The Feast of the Presentation of the Blessed Virgin Mary is a special day for Benedictine Oblates but it is also an important feast for all Catholics who can take Mary as a model of faith.
Why is this feast so important? In a story similar to the Old Testament tale of Hannah offering Samuel to the service of God in the Temple as an act of thanksgiving, the occasion of Mary being presented at the age of three by her parents in the Temple, though not recorded in Scripture, formed the basis of one of the most popular stories about her in tradition, a tradition which for centuries the ordinary faithful loved to recount. We can read the story in non-canonical literature, first in the Protoevangelium of James, in the Early Church:
“And the priest received her, and kissed her, and blessed her, saying: The Lord has magnified your name in all generations. In you, on the last of the days, the Lord will manifest His redemption to the sons of Israel. And he set her down upon the third step of the altar, and the Lord God sent grace upon her; and she danced with her feet, and all the house of Israel loved her.”
And later, we read, in the 13th century in the Golden Legend, a compilation of traditional stories of the Saints and the Holy Family, by Jacobus de Voragine. This book was extremely popular in the Middle Ages.
“The virgin child was set down at the lowest step and mounted to the top without help from anyone, as if she were already fully grown up.
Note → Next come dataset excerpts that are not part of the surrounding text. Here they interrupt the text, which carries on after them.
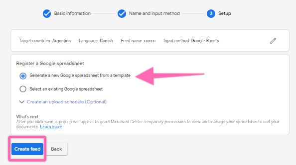 ii. Next, it is recommended to click “Generate a new google spreadsheet” instead of “Select an existing Google spreadsheet” for new users. Click “Create Feed”.
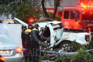 CIUDAD DE MÉXICO, 14JUNIO2021.- Tres presuntos elementos de la FGR perdieron la vida al impactar la camioneta donde viajaban contra un árbol y un poste, cuando circulaba por carriles centrales de Viaducto, a la altura de Dr. Barragán, en la colonia Atenor Salas, en la Alcaldía Benito Juarez. FOTO: CRISTIAN HERNÁNDEZ/CUARTOSCURO.COM
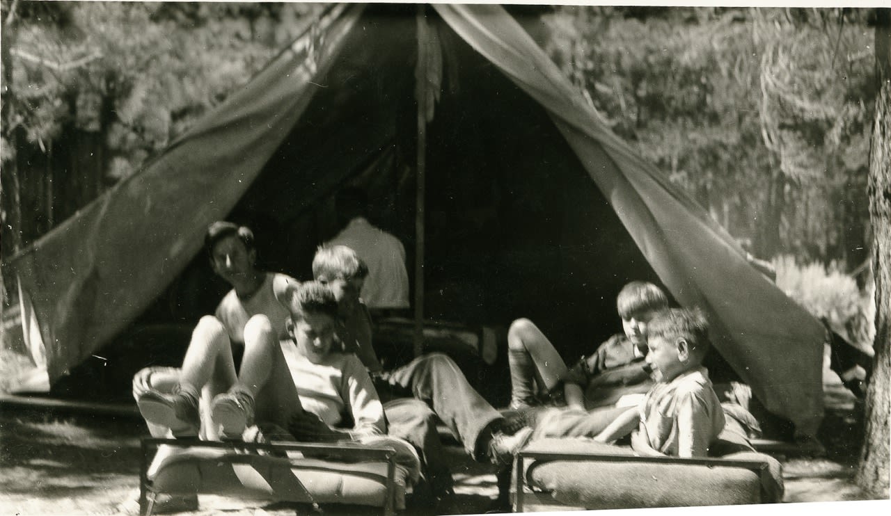 Harold Zellerbach (right) visiting camp in Cisco, Calif., in 1929. Zellerbach was the grandson of Anthony Zellerbach, a Bavarian immigrant who came to San Francisco during the gold rush and eventually began a San Francisco paper company, later known as the Crown Zellerbach Corporation. Many prominent buildings and institutions, including UC Berkeley's Zellerbach Auditorium, honor the family's philanthropic legacy.
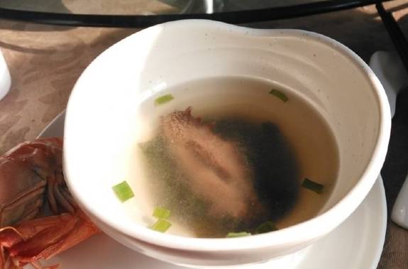海参和大虾。大虾没来得及拍照就分发好了,一人一只,个头很大,比我的手掌还大一些,肉质非常饱满,吃起来很过瘾。高汤海参也是每人一份,海参非常入味,口感弹牙,汤头味道鲜美。
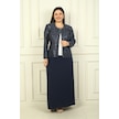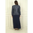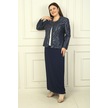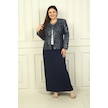 Kadın Pulpayet Ceket Yarım Ay Kollu Bluz Astarlı Krep Uzun Etek Büyük Beden 3'lü Takım Lacivert
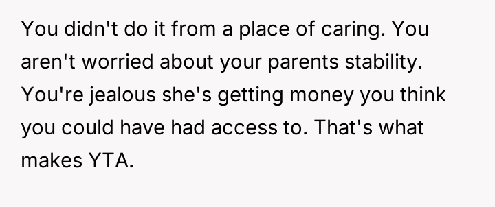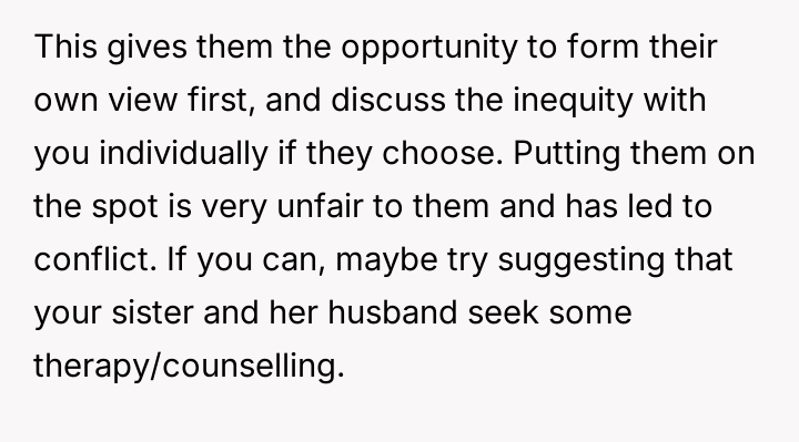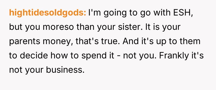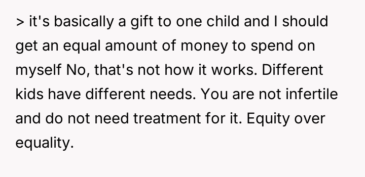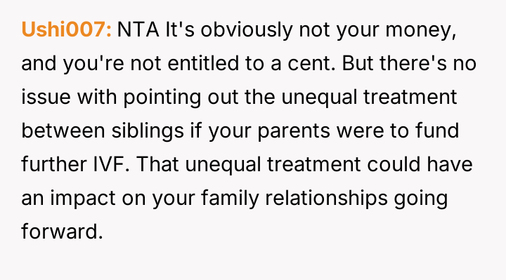 Given the clash between financial equality and compassionate support for a major life goal, the core question remains: Is the OP justified in intervening based on principles of fairness regarding parental assets, or does the emotional and medical nature of the sister's fertility struggle warrant overriding financial considerations, making the OP's intervention unwarranted interference?

Having made their offering, Joachim and Anna left their daughter in the Temple with the other virgins and went home. Mary advanced steadily in all holiness. Angels visited her every day, and she enjoyed the vision of God daily.”
Mary herself, the story goes, from a very tender age, pledged herself to the service of God and in paintings of this subject, we see her as a tiny, but confident figure walking alone up the steps into the Temple, carrying a lighted candle in her hand. Her presentation has an important theological purpose. It continues the impact of the feasts of the Immaculate Conception and of the Nativity of Mary and emphasises that the holiness conferred on Mary from her conception continued through her early childhood and beyond, to her Fiat to the Angel of the Lord.
Mary is the prime example of those to whom Jesus refers in the Gospel of this feast, as “anyone who does the will of my Father in heaven” (Mt 12: 50). The Feast of the Presentation celebrates the fact that from her earliest days, Mary was devoted to the will of God and was therefore well prepared to become the living temple of God’s Son at the time of God’s choosing.
We too are called to do the will of our heavenly Father so that we also can be temples of the Lord, carrying the Lord’s presence to others, answering St Paul’s question to us, “Didn’t you realise that you are God’s temple?” (1 Cor. 3:16) And so we ask Mary to pray for us now so that we may emulate her in always doing the will of the Father that we too may become temples of the living God.
Just as the child Mary offered herself to the service of God, so we, when making our Oblation, offer ourselves. Likewise, we remember our Christian vocation each time we renew our baptismal promises.